The Russians made a “top-level approach” to the Chinese “that together they might sell big chunks of their GSE holdings to force the U.S. to use its emergency authorities to prop up these companies,” Paulson said.

“The report was deeply troubling — heavy selling could create a sudden loss of confidence in the GSEs and shake the capital markets,” Paulson wrote. “I waited till I was back home and in a secure environment to inform the president.”

I am not sure where the US is most vulnerable to a Russian attack, but you have to assume that Putin is busy trying to find the weak spot. The market has not discounted any sort of retaliation. I think the market is being short sighted.

However, even if I am wrong about a Russian counter offensive, either militarily or financially, the Obama administration might have started a ball rolling that they will soon desperately wish they could stop. Although the stock market bulls will tell you that the last six months of gains are the result of improving fundamentals, I refuse to buy into that notion. The financial system is dangerously perched on an ever increasing mountain of Central Bank balance sheet expansion. The response to the 2007/8 credit crisis has been to blow an even bigger bubble. I know there are lots of arguments of why this isn’t a bubble – ignore them. Bubbles always seem justified when you are in them. Just like the shale oil guys had all sorts of reasons why their boom wasn’t a bubble, eventually reality sets in and the truth cannot be ignored.

Obama has probably over estimated the strength of the US economy.
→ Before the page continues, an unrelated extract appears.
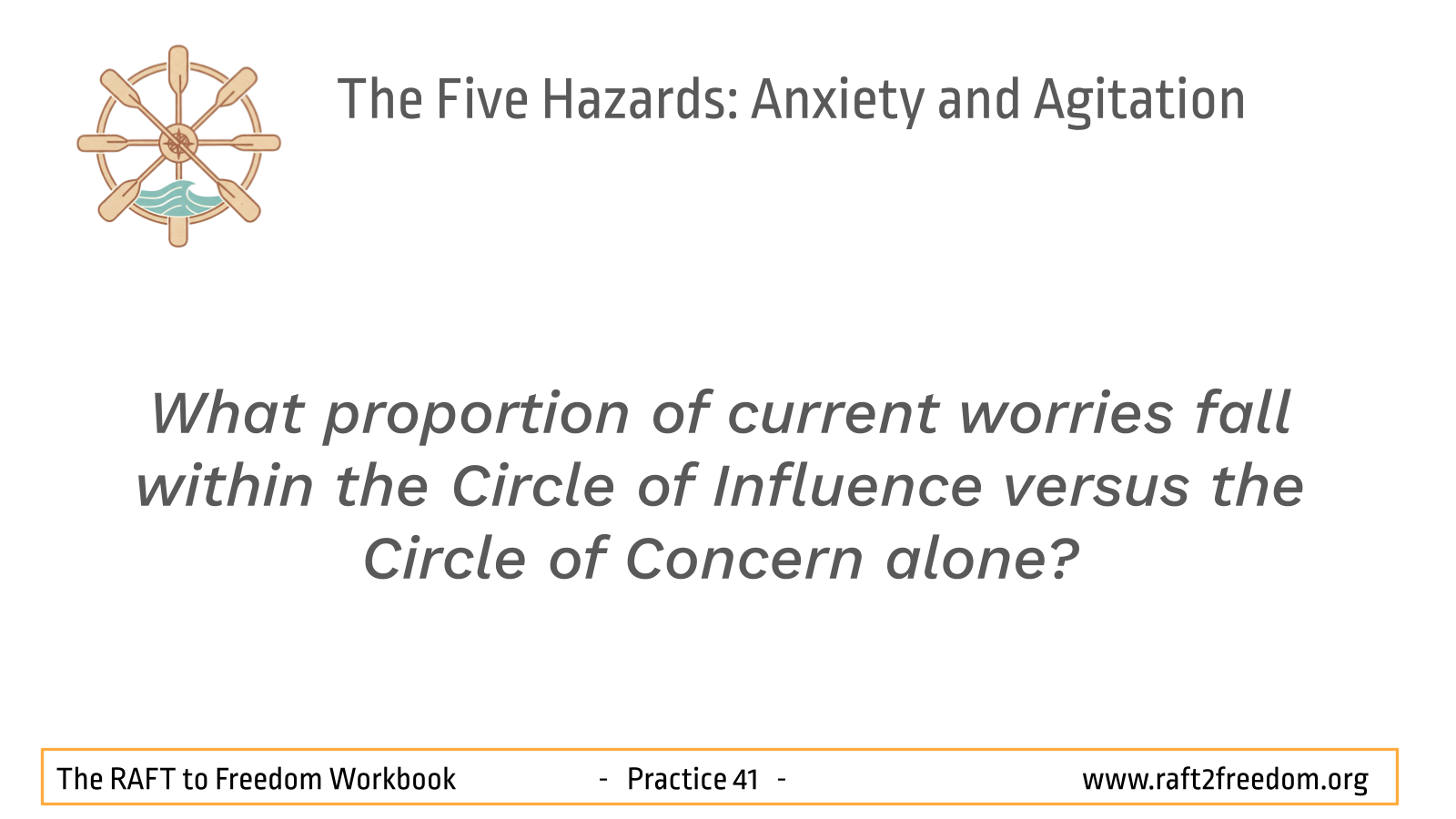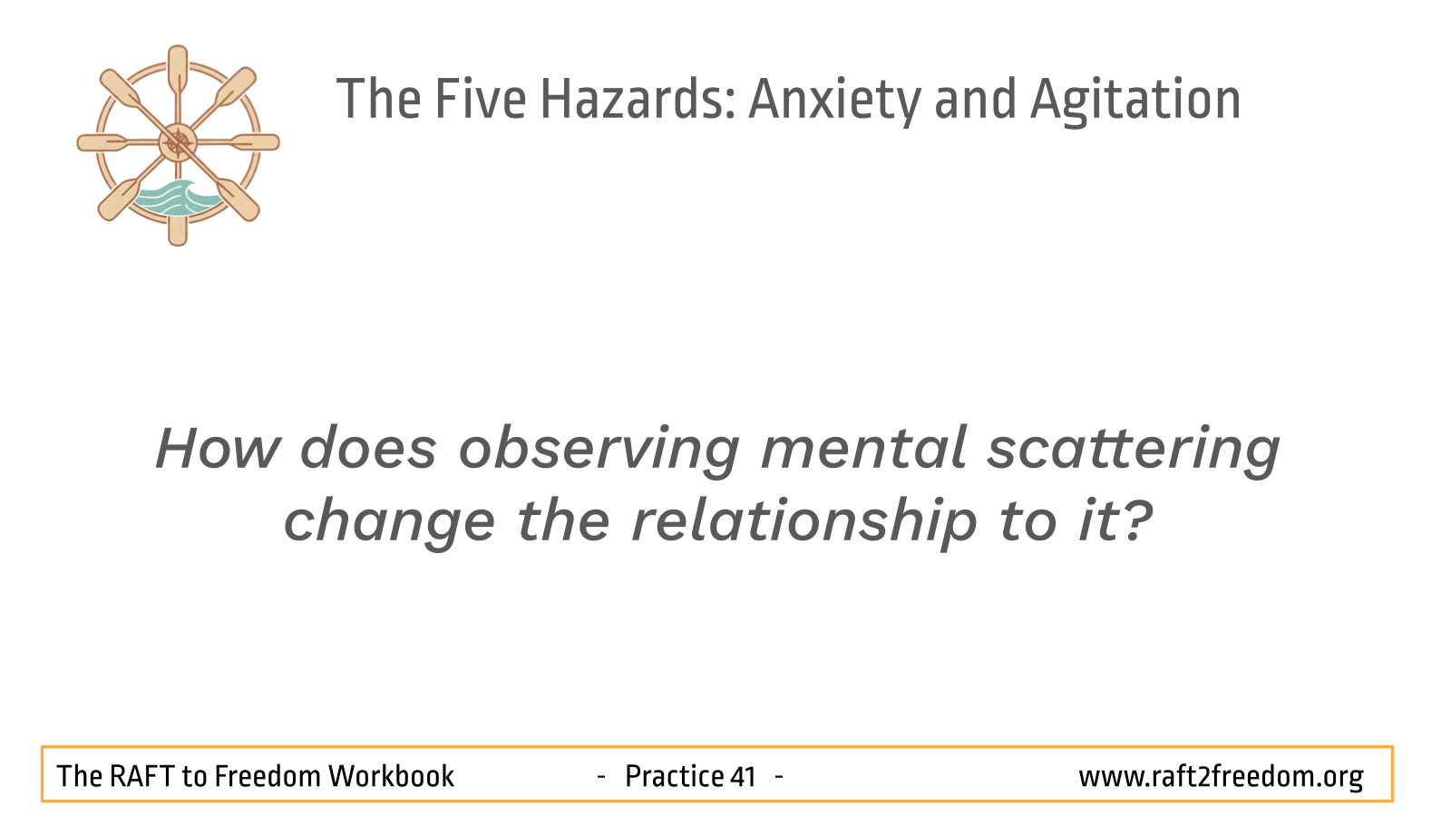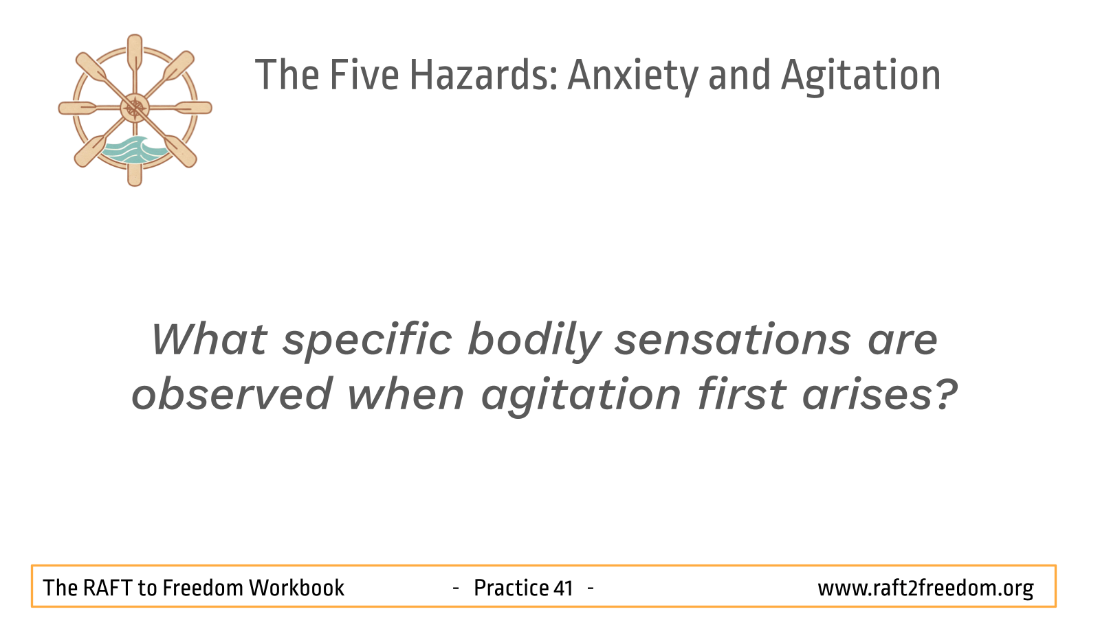 On our RAFT to Freedom chart, Anxiety and Agitation appear as the Hazard of the Choppy Waters of Restlessness and the Dragging Anchor of Remorse. Anxiety and Restlessness are the gusting winds pulling the mind toward imagined futures, while Agitation and Remorse is the heavy anchor of self-reproach, fixating on the past and preventing us from moving forward.

He has probably fooled himself into believing that the Russian fallout will not infect the US markets. I suspect he is wrong. Once these things start to unwind, they are very difficult to stop.

I am not saying that you should run out this morning and start hitting bids. I am not sure if the bulls are going to be able to defend these levels for year end markings or not. But I do know that over the long run, the markets are ill prepared for any sort of reaction from Putin, and they have underestimated the contagion effects of the economic collapse that the US has unleashed on Russia.